_Given data_
----------

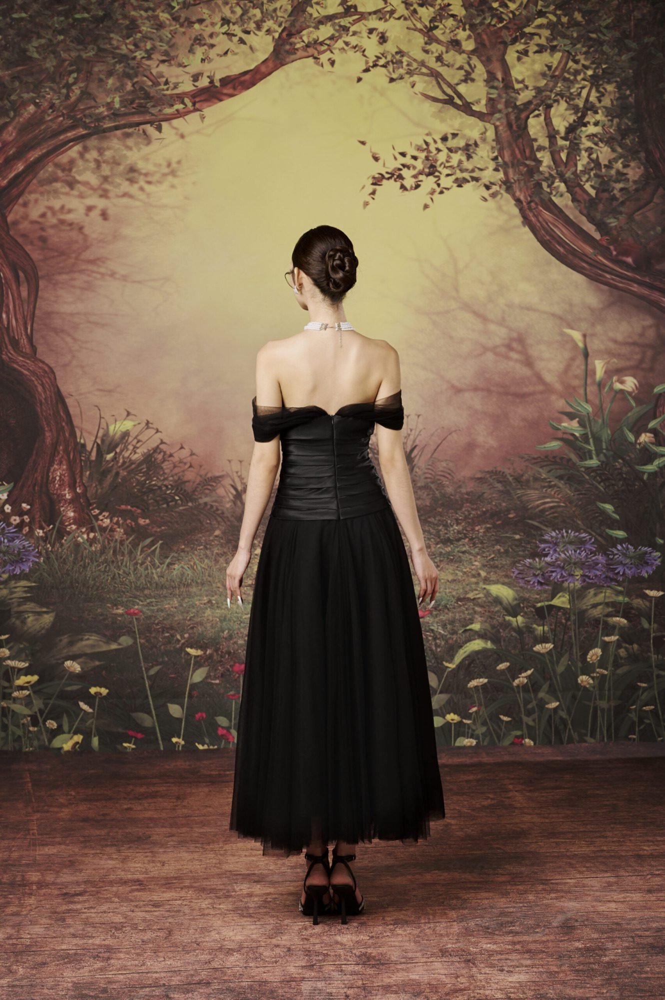 The Chrissy Dress from the La Forêt de Joséphine collection embodies elegance through its timeless black or white palette. Crafted from a blend of mesh and soft silk, the dress offers both comfort and style, which results from its high-quality materials. This makes it the perfect choice for evening events where you’ll stand out with captivating allure.
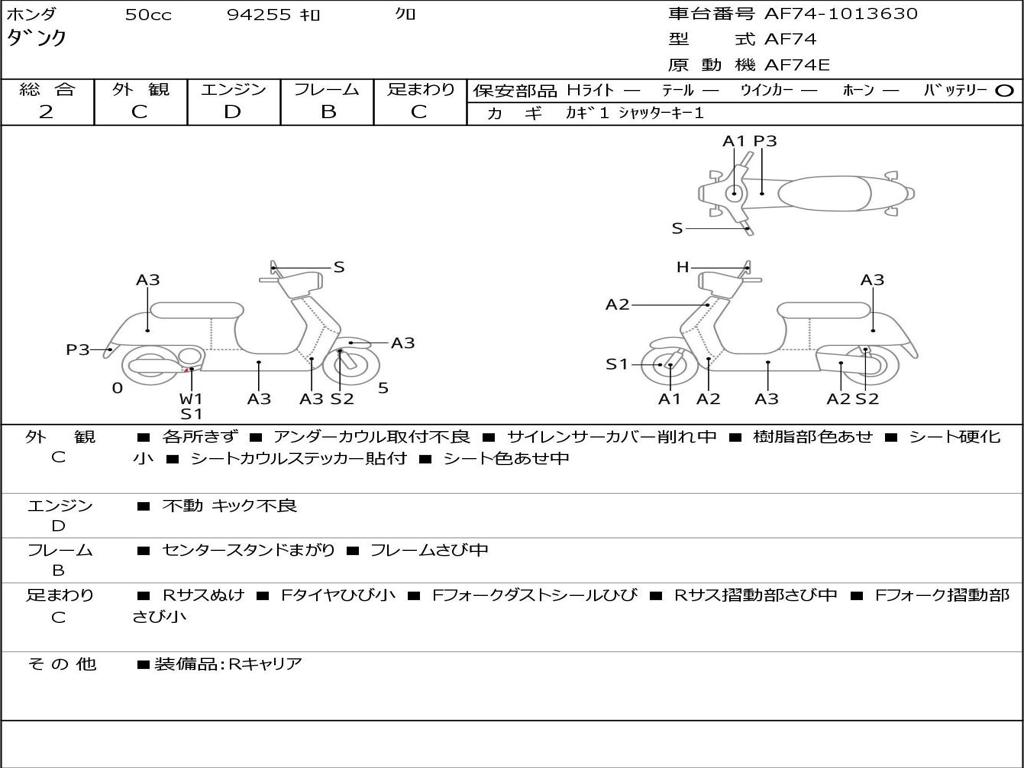 | Номер рамы / VIN | AF74-1013630 |
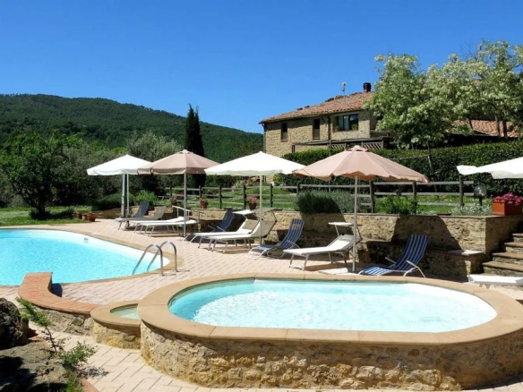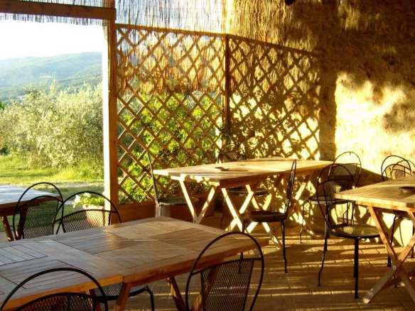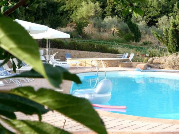 La ferme comprend une ferme en pierre de 420 m2 et une ancienne grange finement rénovée selon les normes typiques toscanes avec des sols et des plafonds en terre cuite avec poutres et chevrons en bois et 95 m2 de terrasses. Au premier étage de la ferme, nous trouvons l’appartement des propriétaires composé de deux chambres, grand couloir, salle de bains, salon avec cheminée, grande cuisine et salle à manger utilisée comme ferme. Au rez-de-chaussée : salle commune avec cheminée, salle de bain, terrasse couverte, buanderie, une autre salle de bain et salle de repassage. En outre quatre grandes chambres avec 10 lits et une terrasse commune. Chaque chambre dispose d’une salle de bain, d’une terrasse et d’une entrée indépendante.
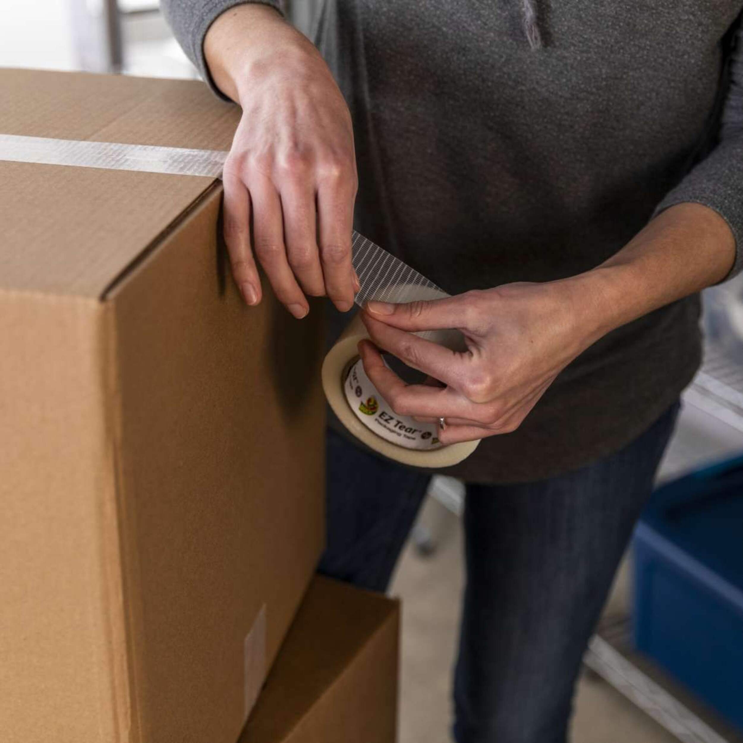 No scissors or dispenser needed! While most packing tapes require a blade to cut, Duck® Brand EZ Tear® Packing Tape can be easily torn by hand and has a reinforced structure for extra strength. EZ Tear® Packing Tape is the thickest tear-by-hand packing tape on the market and conforms to the edges and angles of boxes, for a tight, reliable seal. Secure packages easily and more safely, with EZ Tear® Packing Tape.

----------

_Problem details_
Retype the listing verbatim, minus every image.

_Result of the task_
 The Chrissy Dress from the La Forêt de Joséphine collection embodies elegance through its timeless black or white palette. Crafted from a blend of mesh and soft silk, the dress offers both comfort and style, which results from its high-quality materials. This makes it the perfect choice for evening events where you’ll stand out with captivating allure.
 | Номер рамы / VIN | AF74-1013630 |
 La ferme comprend une ferme en pierre de 420 m2 et une ancienne grange finement rénovée selon les normes typiques toscanes avec des sols et des plafonds en terre cuite avec poutres et chevrons en bois et 95 m2 de terrasses. Au premier étage de la ferme, nous trouvons l’appartement des propriétaires composé de deux chambres, grand couloir, salle de bains, salon avec cheminée, grande cuisine et salle à manger utilisée comme ferme. Au rez-de-chaussée : salle commune avec cheminée, salle de bain, terrasse couverte, buanderie, une autre salle de bain et salle de repassage. En outre quatre grandes chambres avec 10 lits et une terrasse commune. Chaque chambre dispose d’une salle de bain, d’une terrasse et d’une entrée indépendante.
 No scissors or dispenser needed! While most packing tapes require a blade to cut, Duck® Brand EZ Tear® Packing Tape can be easily torn by hand and has a reinforced structure for extra strength. EZ Tear® Packing Tape is the thickest tear-by-hand packing tape on the market and conforms to the edges and angles of boxes, for a tight, reliable seal. Secure packages easily and more safely, with EZ Tear® Packing Tape.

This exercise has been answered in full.